Ce Que Cette Histoire Dit Du Cycle 2026

Nous ne sommes plus dans la phase où l’institution découvre l’existence des jetons. Nous sommes dans la phase où elle négocie les modalités d’un éventuel voisinage. Les fonds cotés ont banalisé l’accès. Ils n’ont pas banalisé le risque. Les sondages d’intention se multiplient. Les allocations réelles restent minoritaires. XRP se trouve précisément à l’intersection de ces deux dynamiques : assez visible pour monopoliser une séance de questions, pas encore assez « normalisé » pour entrer par défaut dans les grilles.

Le calendrier de fin d’année ajoutera sa propre pression narrative. Si 60 % de cette salle croient à des prix plus élevés d’ici décembre 2026, le marché construira des attentes. Les attentes déçues sont un combustible classique de sorties. Les attentes confirmées attireront des retardataires. Dans les deux cas, le débat reviendra aux flux, pas aux phrases d’après-conférence. C’est sain. Un marché qui ne se juge plus qu’à l’aune des citations d’analystes a déjà cessé de regarder les comptes.

Pour les épargnants qui observent cette séquence depuis l’extérieur, la leçon n’est pas « il faut suivre les gestionnaires ». Beaucoup d’entre eux n’ont encore rien fait. La leçon est plutôt méthodologique. Séparer curiosité, intention, véhicule, flux et détention déclarée. Accepter qu’un actif puisse être le plus discuté et le moins détenu. Refuser les titres qui transforment une salle en plébiscite.

Une Curiosité À Suivre, Pas Une Conclusion À Graver

Au terme de cette séquence, le tableau tient en quelques phrases nettes. Bitwise a parlé à environ quatre cents gestionnaires. XRP a généré plus de questions que les autres cryptomonnaies abordées. Deux tiers des participants n’allouent pas encore. Une majorité se dit prête à le faire dans l’année et table sur des prix plus élevés d’ici la fin 2026. Les ETF américains ont collecté de façon visible depuis novembre 2025, avant une séance de sorties le 2 septembre.
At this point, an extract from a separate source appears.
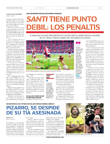 dio su penal fallado por una "Estoy listo para seguir ade- DEBIL fallado cuatro de los últimos ATACANTE DEL no quiso disparar al estilo Pa-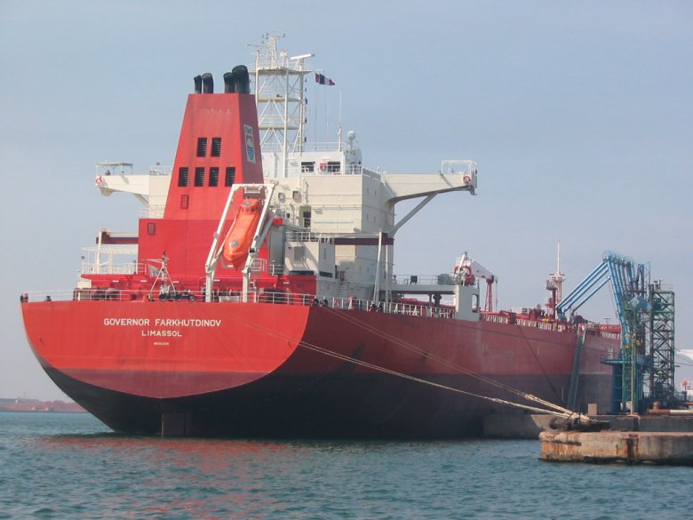 Танкер "Губернатор Фархутдинов" у причала. Порт Фос, Франция.

De grands noms figurent dans les 13F du deuxième trimestre, sans que l’on puisse en déduire une thèse unique.

Ce n’est ni un feu vert, ni un feu rouge. C’est un feu orange institutionnel : on ralentit, on regarde, on demande le mode d’emploi. Dans six mois, on saura si cette prudence bavarde s’est muée en lignes de portefeuille ou si elle est restée un moment de salle. D’ici là, la seule attitude sérieuse consiste à mesurer ce qui est mesurable — flux, listes blanches, déclarations, plafonds d’allocation — et à laisser les questions de conférence à leur juste place : un signal d’attention, pas une preuve de demande confirmée.

Les marchés n’attendent pas que les récits soient propres. Ils avancent avec des intentions incomplètes, des sondages imparfaits et des produits qui collectent par à-coups. XRP entre dans cette banalité nouvelle, plus intéressante que les slogans. Être le sujet le plus questionné d’une réunion de gestion de fortune, en 2026, veut dire que le dossier a quitté la marge. Cela ne dit pas encore s’il a gagné une place durable dans les mandats. La suite se lira dans les collectes, pas dans les micros.